When violated: The 2015 GitHub outage was partly caused by a retry storm between their application servers and a Redis cluster. The retries amplified a small Redis slowdown into a site-wide outage lasting several hours.

Case Study 4: AI Agent Retry Loops (This Workspace)

During early agent development, a common failure mode was: agent tries to run a command, gets a permission error, retries the same command, gets the same error, retries again — burning tokens and time on an inherently unfixable problem. The fix was explicit in the global CLAUDE.md: "Never retry the same command hoping for a different result." Agents now read error messages, check if the error is transient (network timeout → maybe retry) or structural (permission denied → fix the cause), and act accordingly.

When followed: Agent hits a permission error, reads the message, identifies it needs sudo or a different SSH key, fixes the command, succeeds on the next attempt. Total cost: 2 attempts.

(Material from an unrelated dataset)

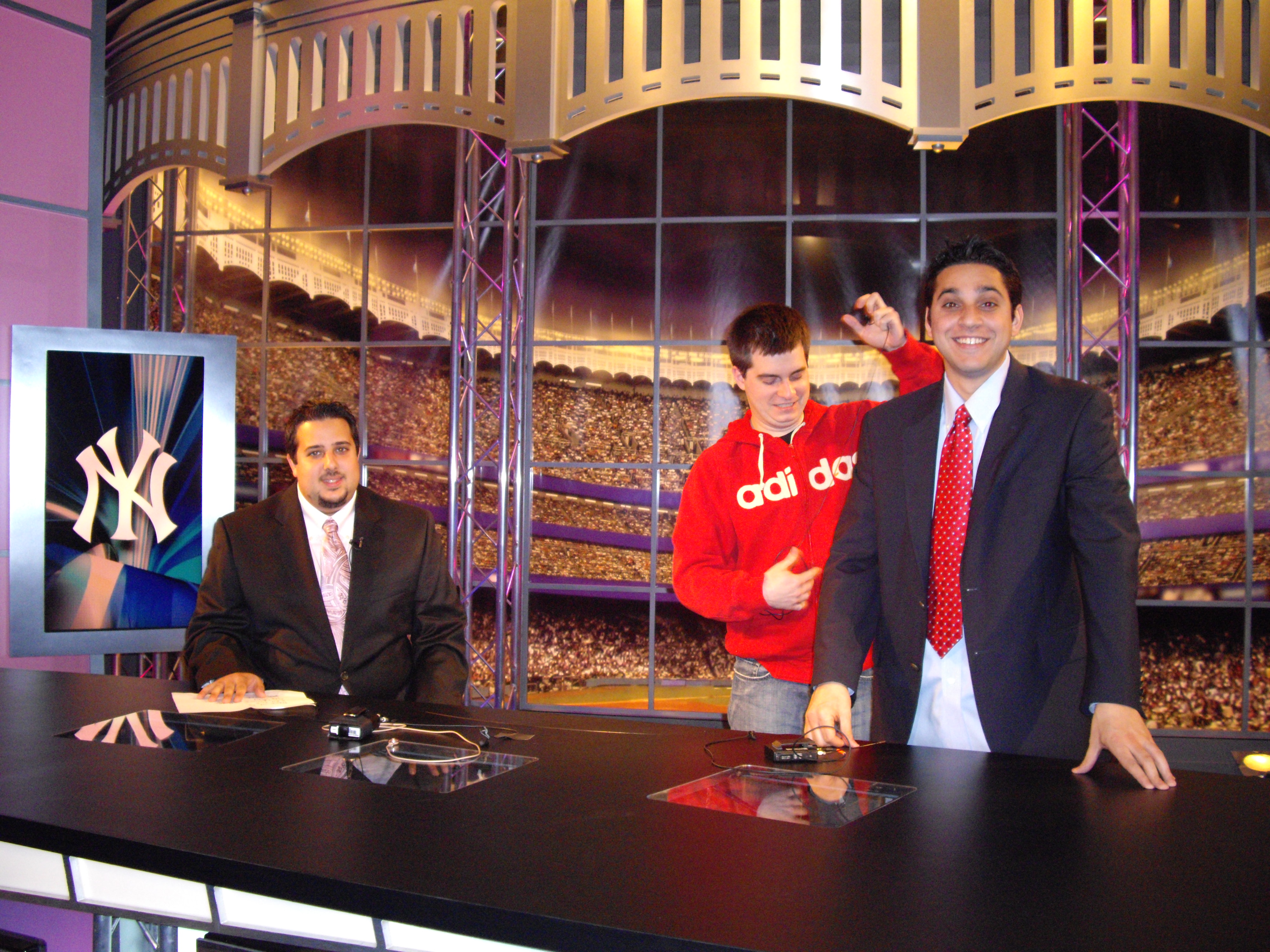 2nd Blob 001.jpgI took this next picture right after I got done doing the update…Web Wunderkind Joe Auriemma (seated on left) and writer/web sensation Glenn Giangrande (standing on right) prepare to tape Pinstripe Weekly, their exclusive web segment on yesnetwork.com.  In the middle is Jimmy on audio, either hooking up Glenn’s mike and earpiece, or about to wrap an audio cable around Glenn’s neck.  Given the fact that I just saw Glenn in the hallway, I guess Jimmy didn’t do it…but that doesn’t mean he wasn’t thinking it.  Huh?  Wait, not with Glenn…GG’s good people.
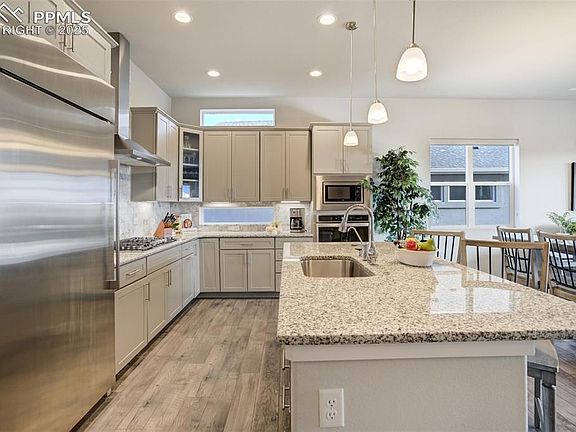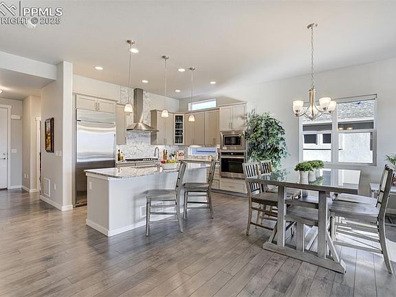 Welcome to main-level living at its finest in this exceptional ranch-style home nestled in the vibrant community of The Retreat at Banning Lewis Ranch, a "55 & Better" gated community! Thoughtfully designed with comfort, luxury & efficiency in mind, this home showcases owned solar panels, a spacious open-concept layout & breathtaking views of Pikes Peak & the Front Range from nearly every westerly-facing window. The heart of the home is a gourmet kitchen featuring an elegant Monogram fresh refrigerator, upgraded soft-close gray cabinetry, under-cabinet lighting, custom tiled backsplash, kitchen pantry & a generous island—perfect for entertaining. The 8’ doors add an airy, elevated feel, while passive solar and natural light flood the space from the large rear windows. Step outside to enjoy the covered composite deck, additional outdoor space under the deck is complete with retractable privacy curtains & the turf landscaping adds for a maintenance-free backyard. A walk-out basement with soaring 9’ ceilings is ready for your entertainment & is already plumbed for a wet bar in the spacious family room. Retreat to the primary suite where a picture-perfect view window captures the mountains & a stylish barn door leads into the en-suite with double vanities, a frameless glass shower with dual shower heads, and a built-in bench. Additional highlights include a cozy gas fireplace with stone surround and built-ins in the living room, central A/C, plumbed ready for a central vacuum system, an oversized 2-car garage & the scenic walking paths right behind the home. Schedule a viewing today & experience the perfect blend of a luxury home in an active community! Which includes a community center, fitness area, outdoor pool, pickleball courts, a dog run, etc... join various clubs & activities! Metro dues include front yard maintenance, trash service & snow removal service to your doorstep! Come experience the tranquility, convenience & stunning natural beauty this home offers!!

When violated: Agent retries the same git push 5 times against a repo where the SSH key isn't configured. Each retry burns 30 seconds and API tokens, with zero chance of success. Total cost: 5 failed attempts + wasted tokens + user frustration.


Industry Cross-References

Pattern Who Uses It Reference
Circuit breaker Netflix (Hystrix), Microsoft (.NET Polly), Envoy proxy "Release It!" by Michael Nygard (2007) — introduced the pattern
Exponential backoff with jitter AWS SDK, Google Cloud client libraries, HTTP/1.1 RFC Standard retry strategy that at least reduces retry storm amplitude
Chaos engineering Netflix (Chaos Monkey), Gremlin, AWS Fault Injection Simulator Proactively testing failure modes so diagnosis is pre-learned
Blameless post-mortems Google SRE, Etsy, PagerDuty "Diagnose" formalized as a team process after every incident
Observability (not just monitoring) Honeycomb, Datadog, Grafana The tooling to make diagnosis possible — traces, not just metrics

Key Insight

Retrying is not a recovery strategy — it's a bet that the failure was transient. That bet is correct for network timeouts and wrong for everything else. The cost of a wrong bet ranges from "wasted time" (agent retry loops) to "company-ending" (Knight Capital). The principle is simple: read the error, classify it (transient vs structural), then act accordingly. Retry only transient failures, and even then, with backoff and a retry limit.